Unopened
by Doug Hoekstra
Five-Minute Books
Songwriter and author Doug Hoekstra has been favoring us with his art for a while – his first solo record, When the Tubes Begin to Glow was released in 1994, and now, with the release of his third book Unopened, it’s fair to say that Hoekstra has learned his craft well. This book of poetry – following Bothering the Coffee Drinkers from 2006 and his delightful look at his love of baseball, 2015’s The Tenth Inning – is vintage Hoekstra. Topics range from fatherhood to music, relationships to politics, broken into three sections.

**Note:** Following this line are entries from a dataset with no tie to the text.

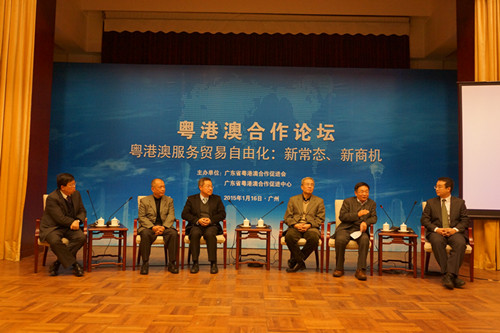 2015年1月16日以“服务贸易自由化—新常态、新商机”为主题的粤港澳合作论坛于广州举行。本次论坛由广东省粤港澳合作促进会及广东省粤港澳合作促进中心联合主办。国家商务部姬文林处长、广东省社科院院长王珺,全国政协委员、香港特区政府中央政策组特邀顾问张家敏,澳门经济建设协会理事长杨道匡,罗斯柴尔德集团中国区主管张江亭分别作了精彩演讲,粤港澳三地专家、学者和各业界代表逾三百人出席。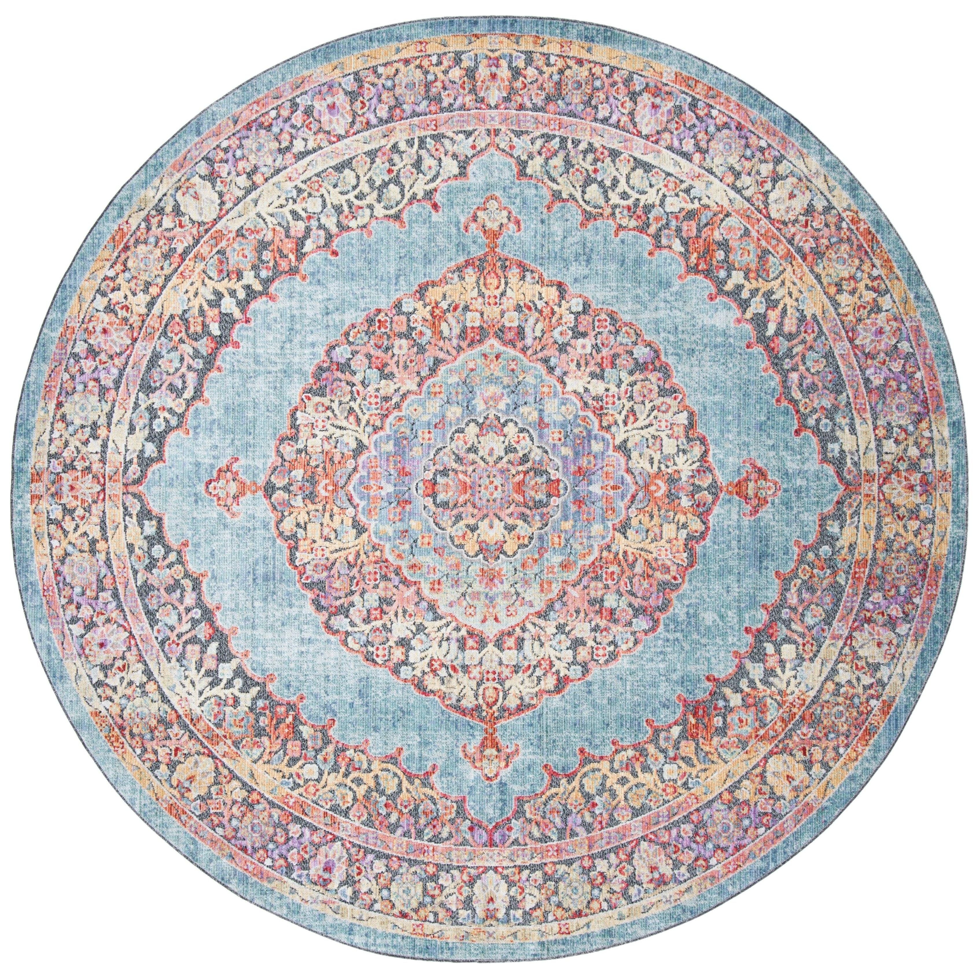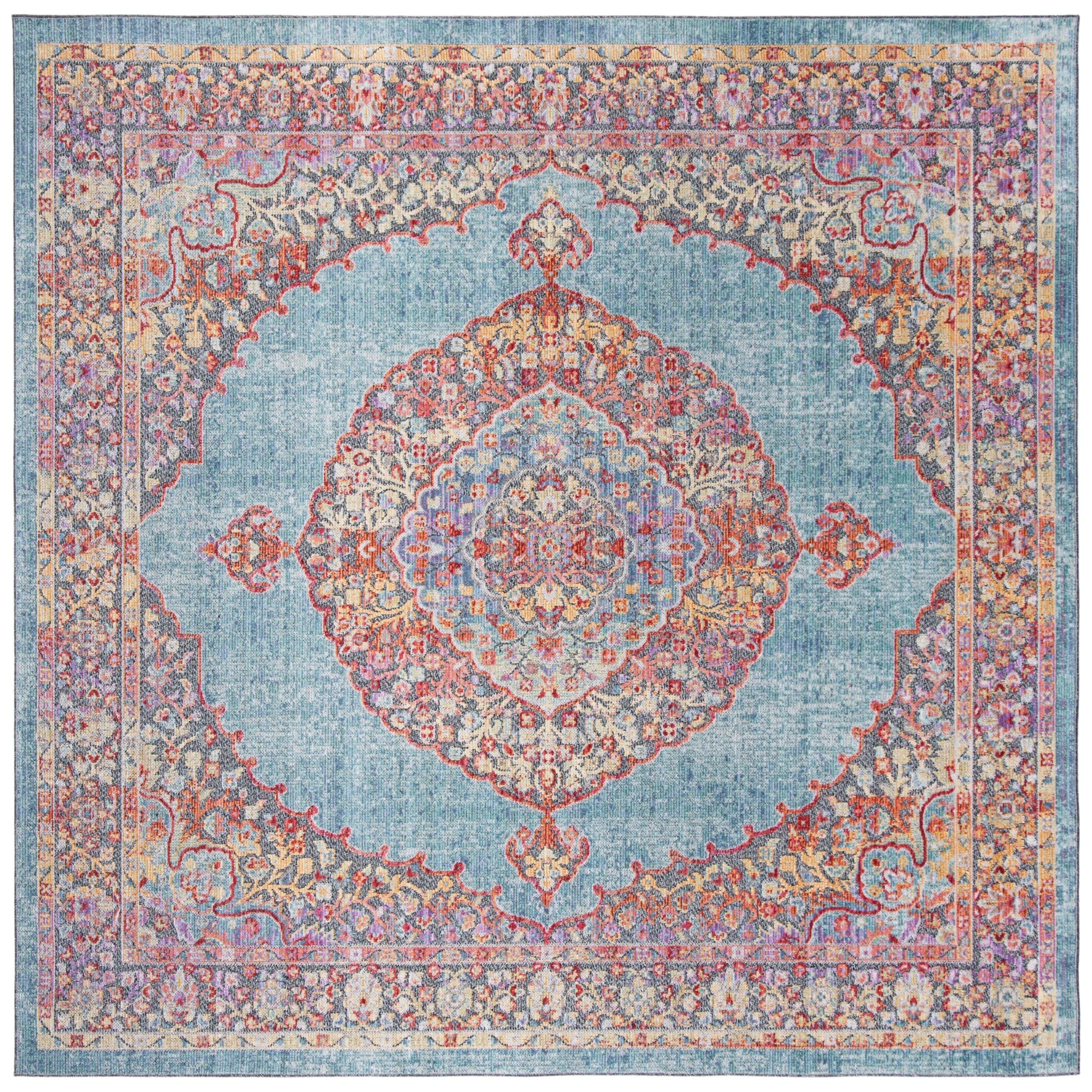 Provance PRV181J rug from SAFAVIEH's versatile Provance Collection. This rug is designed to effortlessly complement any accent color in your home, with its modern twist on classic Oriental motifs. Featuring a delightful mix of both subtle and bold shades, these rugs are power-loomed using high-quality polyester fibers that enhance their shine and beauty, creating an elegant look for your space. The approximate thickness of the rug is 0.25 inches, adding a plush feel underfoot.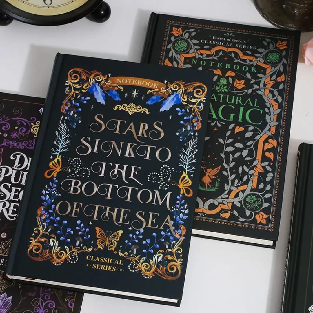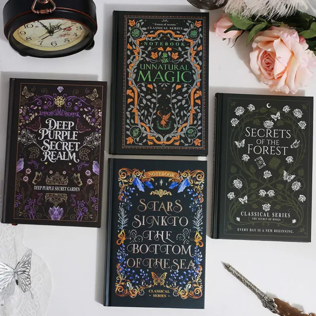 Keywords: Decorative notebook, hardcover journal, aesthetic notebook, vintage style diary, premium ruled notebook, artistic notebook, dark academia journal, gift notebook, fancy stationery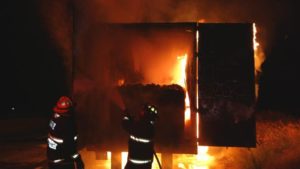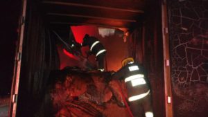 Al llegar al lugar, se percataron de que las llamas consumían la caja de un tráiler marca Freigthliner gris, modelo 2016, con placas de circulación del Servicio Público Federal.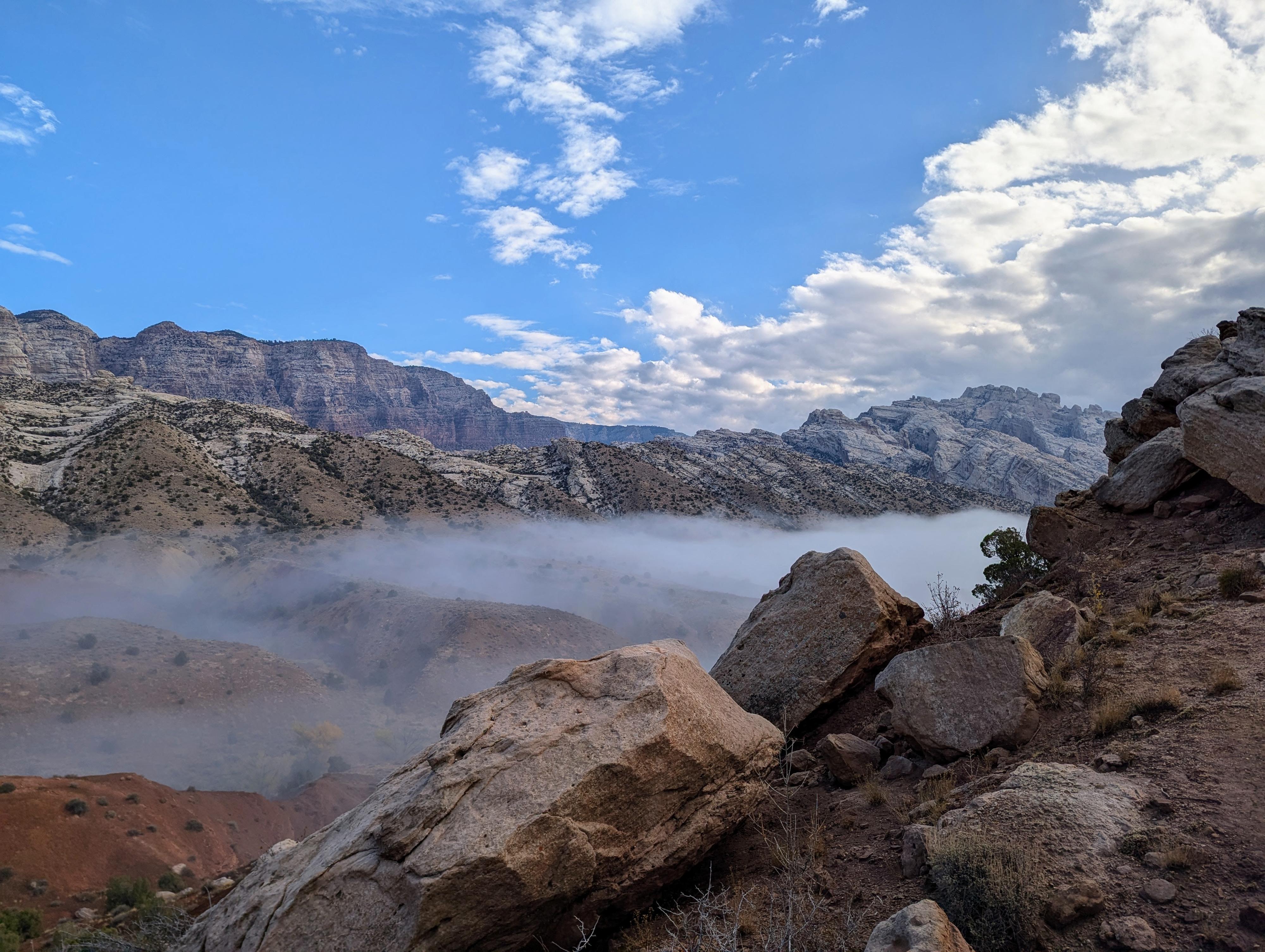 Fog in the valley from the high point of the trail.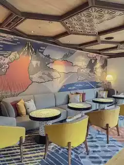 The dining and cafe lounge is a stylish and beautiful space decorated with parquet, which is synonymous with Hakone🫶🏽
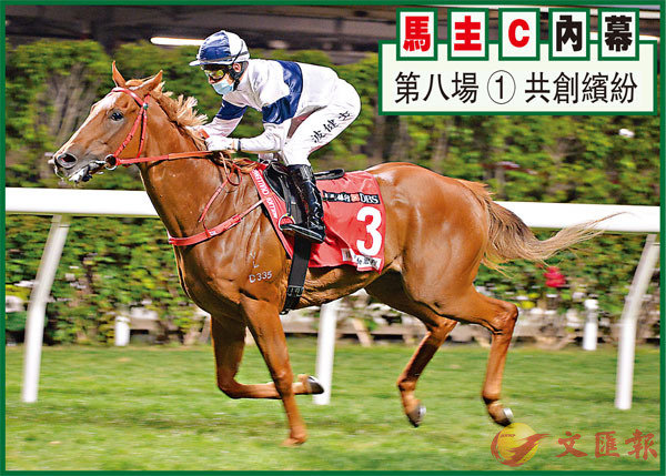 第八場、第三班、一二○○米。「共創繽紛」前仗因巴度停賽而轉配波健士,結果以輕鬆姿態擊倒「飛霸龍」贏馬;上仗續攻強項窄場千二,回配巴度執韁,騎者沿途守好位,可是入直路打衝鋒只跑第三,今次瞄準同程,交出水準當有條件爭入前三。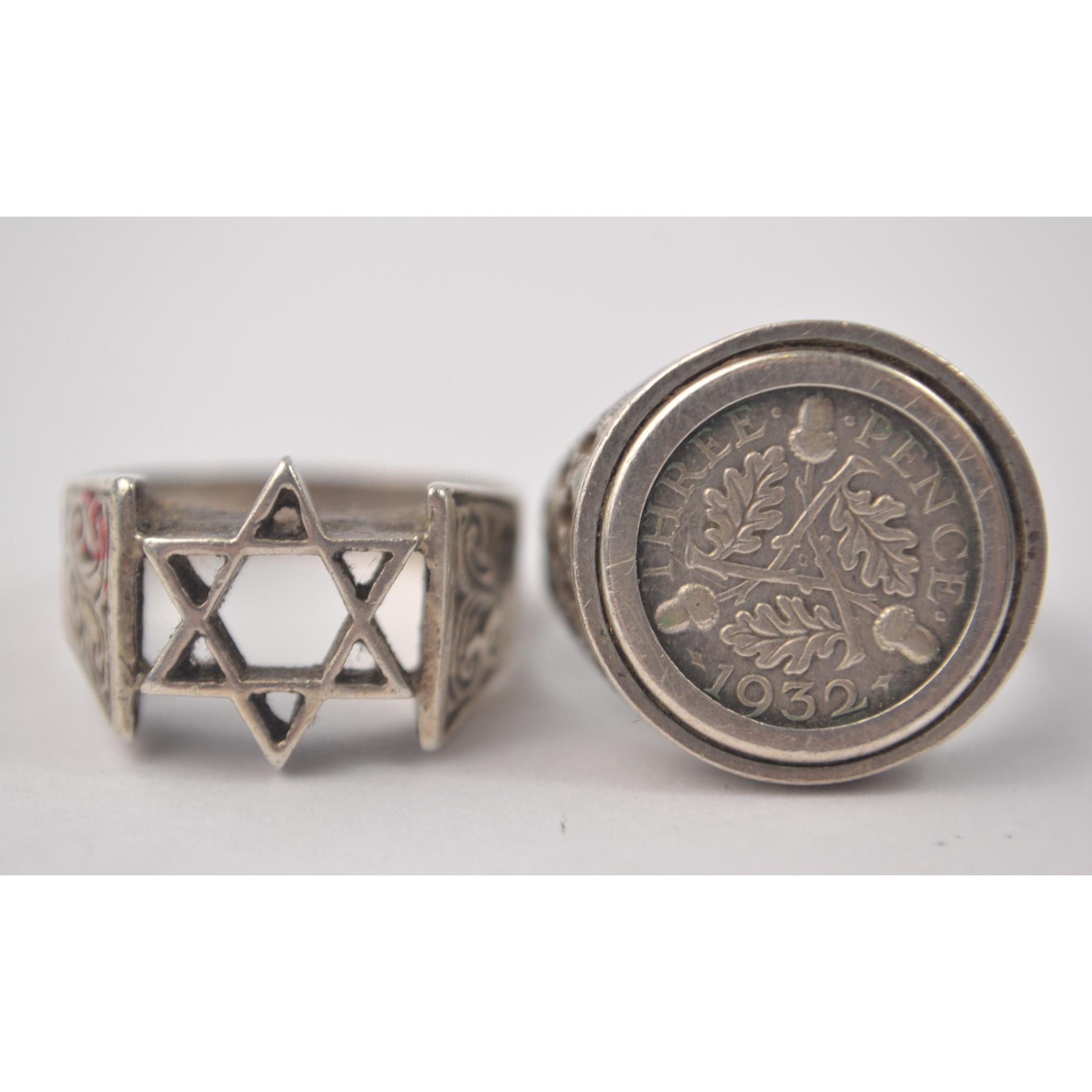 925 silver dress with purple amethyst stone ring size Q, gross weight 2.25g, another silver 925 bstamped dress ring with white stone setting size M gross weight 3.42g, and a silver sterling scottish thistle brooch with amber style stone 3.5cm Length gross weight 3.70g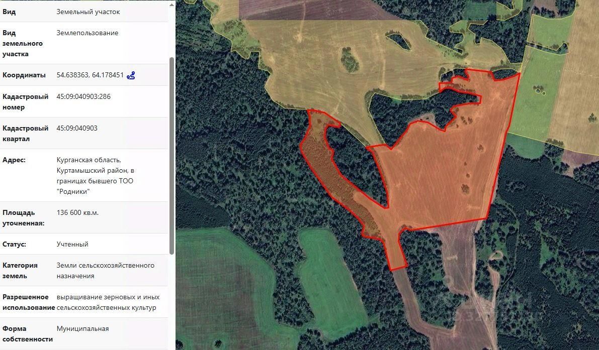 Земельный участок с кадастровым номером 45:09:040903:286, площадью 136600 кв.м, из земель сельскохозяйственного назначения, расположенный по адресу (местоположение): Курганская область, Куртамышский район, в границах бывшего ТОО "Родники", вид разрешенного использования "Выращивание зерновых и иных сельскохозяйственных культур".

Poetry is a singular endeavor, for the most part. The writer puts his thoughts into verse, onto paper, with no idea of how his creation will be taken. There is generally no crowd gathered to witness the birth of a poem, and a poet sends his creations out into the world with equal parts hope and fear. The best art resonates because it causes an emotional response – the rest is doggerel. It could be a song that makes you recall a memory, a novel that informed you, or, in the case with Doug Hoekstra, a poem that so precisely illuminates a “sudden enlightenment” – a satori. This came for me reading his ode to irreverent rascal fellow poet “Buk”:
Reading Bukowski write about cats is like punching a hole in a giant bag tied around the world
This is exactly what happened to me in high school. Trapped in suburbia, desperate for anything that was new and exotic led me to Bukowski, Kerouac, Ginsberg and all the rest. It changed my life – it allowed me to escape the “giant bag” that surrounded me.
Unopened is a brief tome, but in its pages there lies a moment of recognition for most likely every reader willing to take the time to discover. Kudos to Doug Hoekstra for allowing me to recall the time the world changed.